Miopia Espiritual



Miopia Espiritual

Eu também já tive uma visão tacanha de Jesus. Sofria de miopia espiritual. Mas faz muitos anos. Na ocasião eu era seminarista, membro de uma das grandes igrejas de Belo Horizonte. O pastor me chamou e pôs diante de mim um grande desafio.

“Jorge, temos no bairro Floramar um salão com capacidade para mais ou menos umas trezentas pessoas, mas a congregação conta apenas com quatro membros. Você tem um mês para tentar levar o trabalho adiante. Se não der resultado, vamos passar o ponto para a Assembléia de Deus”.

Resolvi encarar o desfio. No primeiro dia evangelizei a tarde toda, de casa em casa, convidando as pessoas para a reunião à noite.

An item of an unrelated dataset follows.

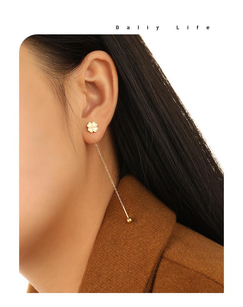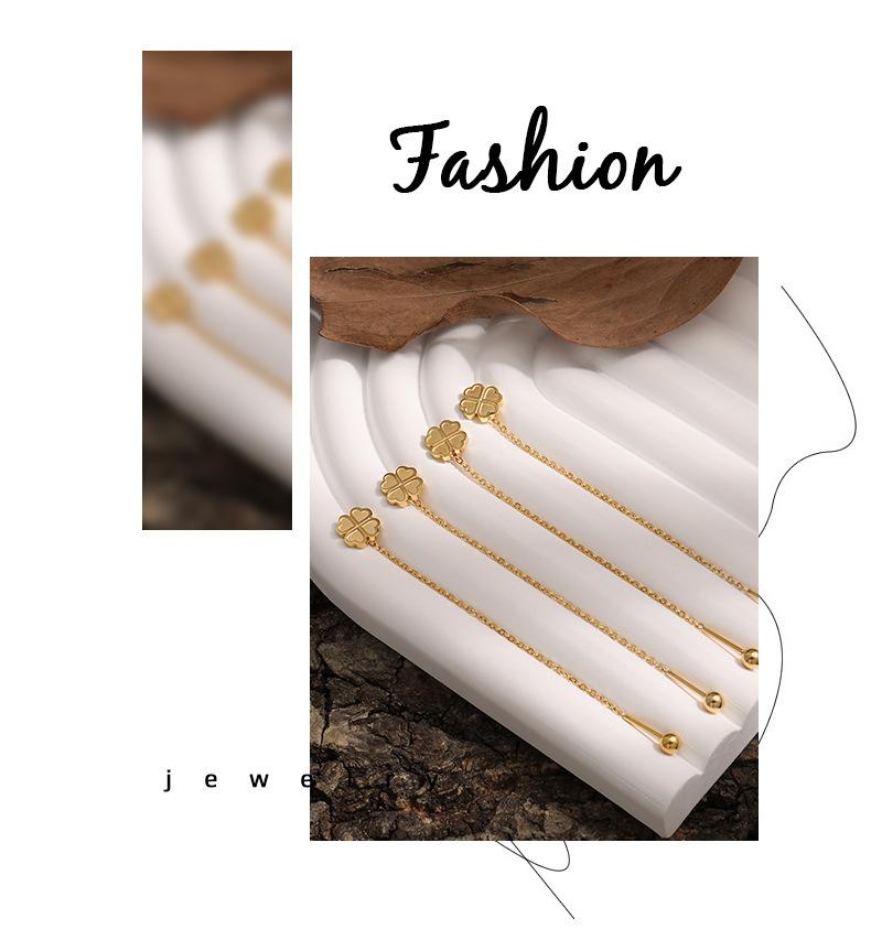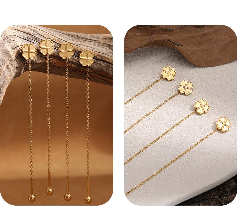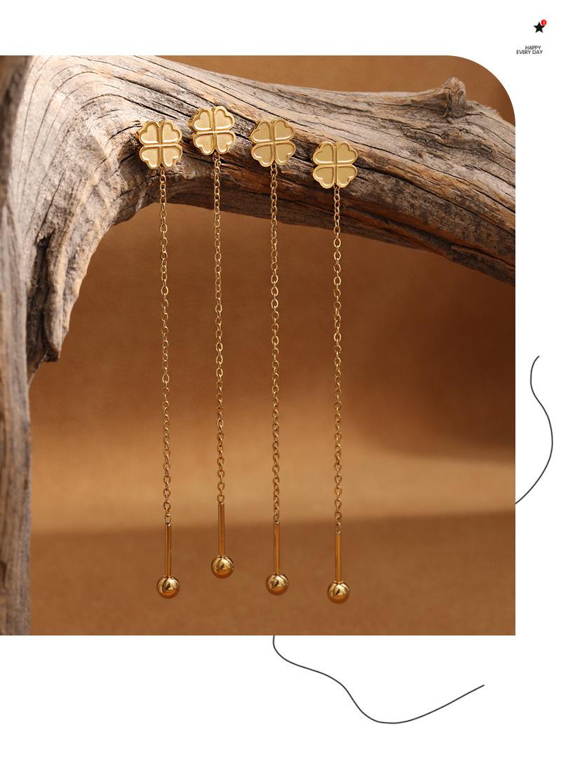 Pendientes largos con borlas doradas estilo coreano Ins para mujer, elegantes, de alta gama, con forma de trébol de cuatro hojas
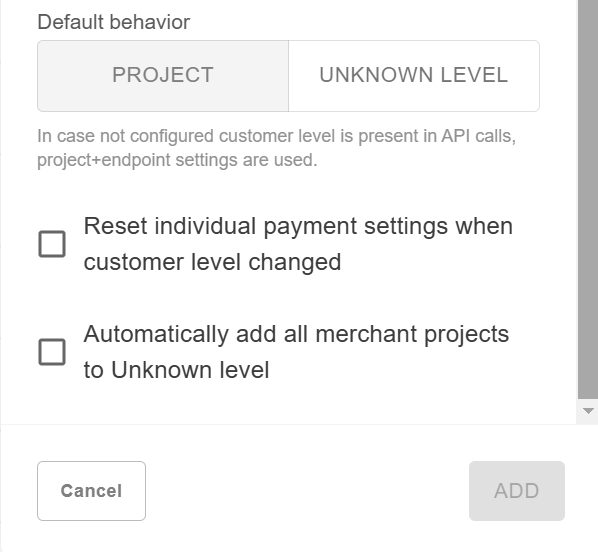 Unknown Level - In case if not configured customer level is present in API calls, Unknown level settings will be used.

À hora do culto lá estava eu todo elegante: calça com vinco bem forte; paletó xadrez, que mais parecia um tabuleiro de dama; gravata “língua de vaca” com nó “cabeça de boi”.
Coloquei os presentes para se colocarem de pé para a leitura do texto bíblico. Quando comecei a ler, uma mulher que estava assentada lá atrás, uma das pessoas que eu havia convidado, veio correndo entre os bancos até a plataforma. Inclinei-me para atendê-la, supondo que desejasse conversar comigo.
- O quê a senhor deseja?
Mas ela não disse palavra. Olhou para mim, retirou da jarra uma das rosas que colocamos ali de enfeite, e começou a comê-la.
- Pare de comer essas rosas, falei.
-Não paro, respondeu com voz sufocada.
(Na ocasião eu era conselheiro dos jovens. Quando alguém se convertia, levávamos a pessoa para uma saleta ao lado para dar-lhe algumas orientações básicas. Se porventura, o diabo se manifestasse, chamávamos o pastor para libertar a pessoa.)
E eu fiquei ali, vendo-a mastigar as rosas, temeroso, sem saber o que fazer.
“Meu Deus”, clamei interiormente, “logo na primeira noite, acontece uma coisa dessas. Que eu faço agora?”
Para minha surpresa, ela não se contentou só com a flor, e começou a mastigar também o caule cheio de espinhos. E sua boca começou a sangrar.
- Não faça isso. A senhora está-se machucando, insisti.
- Faço.
Eu quase disse a ela: pode levar todas, mas vá se sentar lá no último banco. Melhor ainda seria a senhora ir lá pra fora.
(mas tratava-se de uma batalha espiritual. Era o inimigo tentando destruir meu ministério antes mesmo de eu iniciá-lo.)
“Meu Deus, me socorre!” clamei outra vez.
A primeira visitante agindo daquela forma estranha. Os quatro membros curiosos para ver como se sairia o novo pastor. E eu ali, pasmo.
“Jesus, o que o Senhor vai fazer agora? Não tenho a mínima idéia de como agir”, orei.
Insisti com a mulher, mas, ao invés de me atender, ela correu pelo corredor até a saída, bateu-se contra a parede, e voltou. Pegou outra flor e comeu. Foi e voltou várias vezes.
-Você não quer comer essas rosas lá fora?
-Não. É aqui que eu quero comer.
Naquele momento foi como se tivesse me dado um “clic”, um minuto de lucidez, só entre mim e Deus. Temeroso, com os joelhos trêmulos, desci da plataforma e caminhei na sua direção.
- Em nome de Jesus, pare de correr e de comer essas flores, ordenei. Espírito maligno, sai dessa mulher, sai agora.
No mesmo instante ela caiu, e ficou ali prostrada.
Aproximei-me e disse:
- Acorda.
Ela se levantou meio atônita. Ajudei-a a se assentar e não tirei os olhos dela.
Fiquei deslumbrado. Até então não tinha consciência do poder de Jesus. Descobri que aqueles chavões que eu acostumava declarar continham uma força que eu desconhecia. Plavra que eu repetia sem convicção. Foi então quando me concientizei da visão tacanha que tinha de Jesus. Reconheci que pregava sem a convicção plena do poder da Palavra. Enautecia uma fé que eu mesmo não experimentava. Vi que o poder do nome de Jesus não operava só na vida dos outros, mas através da minha. Até então minha fé se apoiava no Jesus dos outros.
É esse o seu caso? Pede oração a todo mundo: pai, mãe, pastor, mas você mesmo não tem uma experiência com o poder operante de Jesus? Leva uma vida espiritual como que de muleta, apoiando na fé dos outros? Parece mais um pé de tomate?, todo escorado, amarrado a estacas para não cair, do contrário se esparrama todo pelo chão?
Você precisa ter uma visão de Jesus como ele é.